Task to carry out
The output should hold exactly, and only, the lines from the line bearing "28岁女教师结婚当天坠亡疑云" through the last line of the listing below, and no pictures.

Exercise data
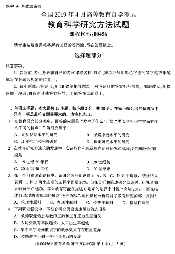真题下载:全国2019年4月自考00456教育科学研究方法真题
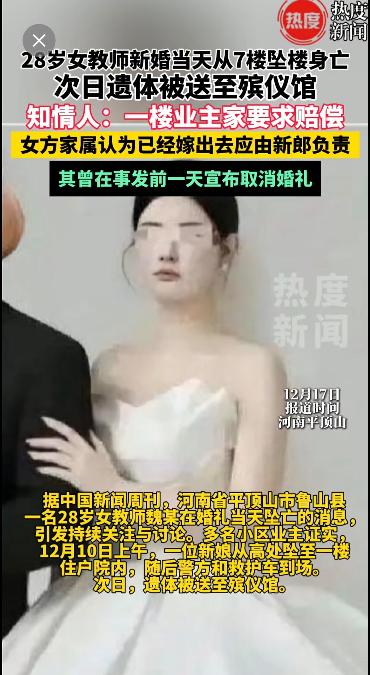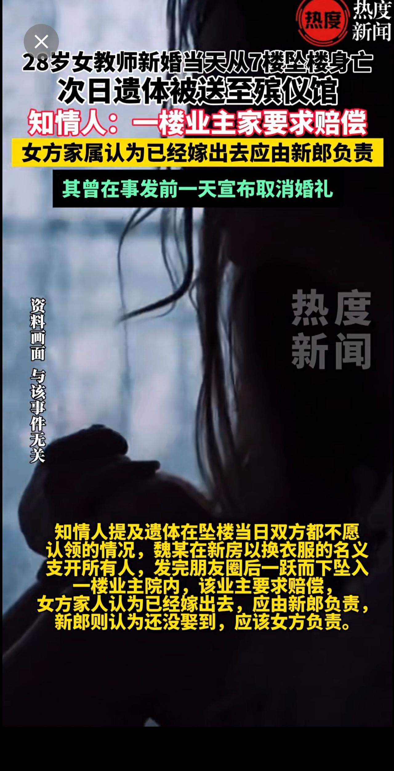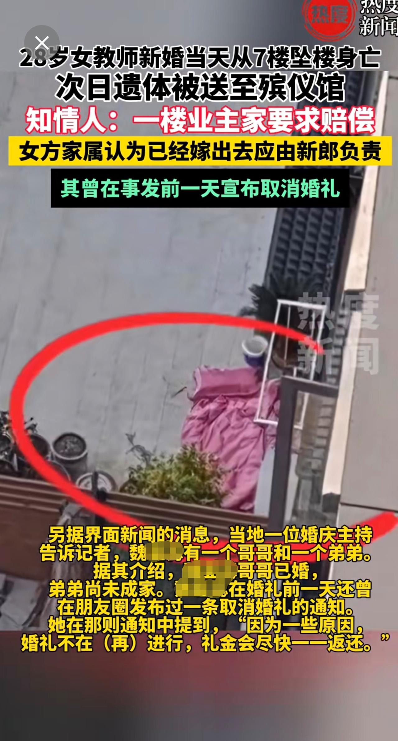 28岁女教师结婚当天坠亡疑云!知情人透露,女子一跃而下坠入一楼业主院内,该业主要求赔偿,女方家人认为已经嫁出去,应由新郎负责。催婚
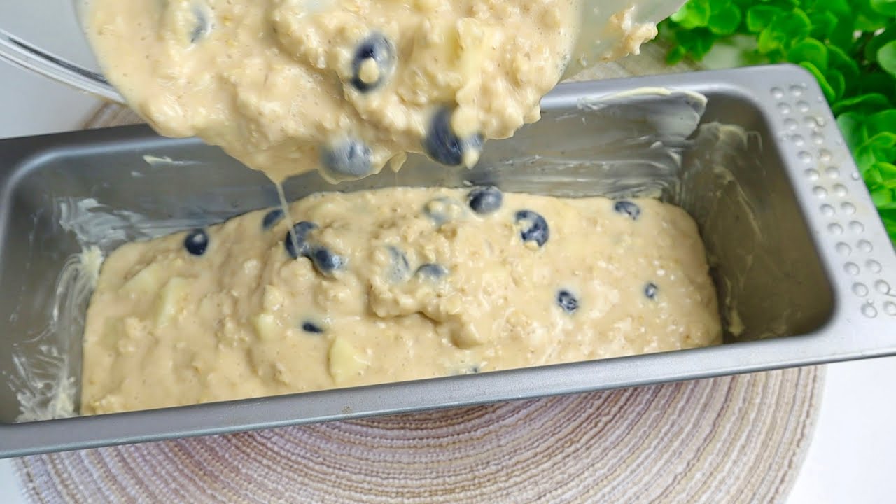 W misce wymieszaj 130g płatków owsianych z 240ml gorącej wody. Odstaw na 10 minut, aby płatki dobrze namokły. W międzyczasie obierz i pokrój jabłko na małe kawałki. W osobnej misce ubij 2 jajka. Dodaj 120g jogurtu naturalnego, 3 łyżki cukru, 1 łyżeczkę olejku waniliowego oraz 60g roztopionego masła. Dodaj namoczone płatki owsiane do masy i dobrze wymieszaj. Dodaj 1 łyżkę proszku do pieczenia i ponownie wymieszaj.

Result
 28岁女教师结婚当天坠亡疑云!知情人透露,女子一跃而下坠入一楼业主院内,该业主要求赔偿,女方家人认为已经嫁出去,应由新郎负责。催婚
 W misce wymieszaj 130g płatków owsianych z 240ml gorącej wody. Odstaw na 10 minut, aby płatki dobrze namokły. W międzyczasie obierz i pokrój jabłko na małe kawałki. W osobnej misce ubij 2 jajka. Dodaj 120g jogurtu naturalnego, 3 łyżki cukru, 1 łyżeczkę olejku waniliowego oraz 60g roztopionego masła. Dodaj namoczone płatki owsiane do masy i dobrze wymieszaj. Dodaj 1 łyżkę proszku do pieczenia i ponownie wymieszaj.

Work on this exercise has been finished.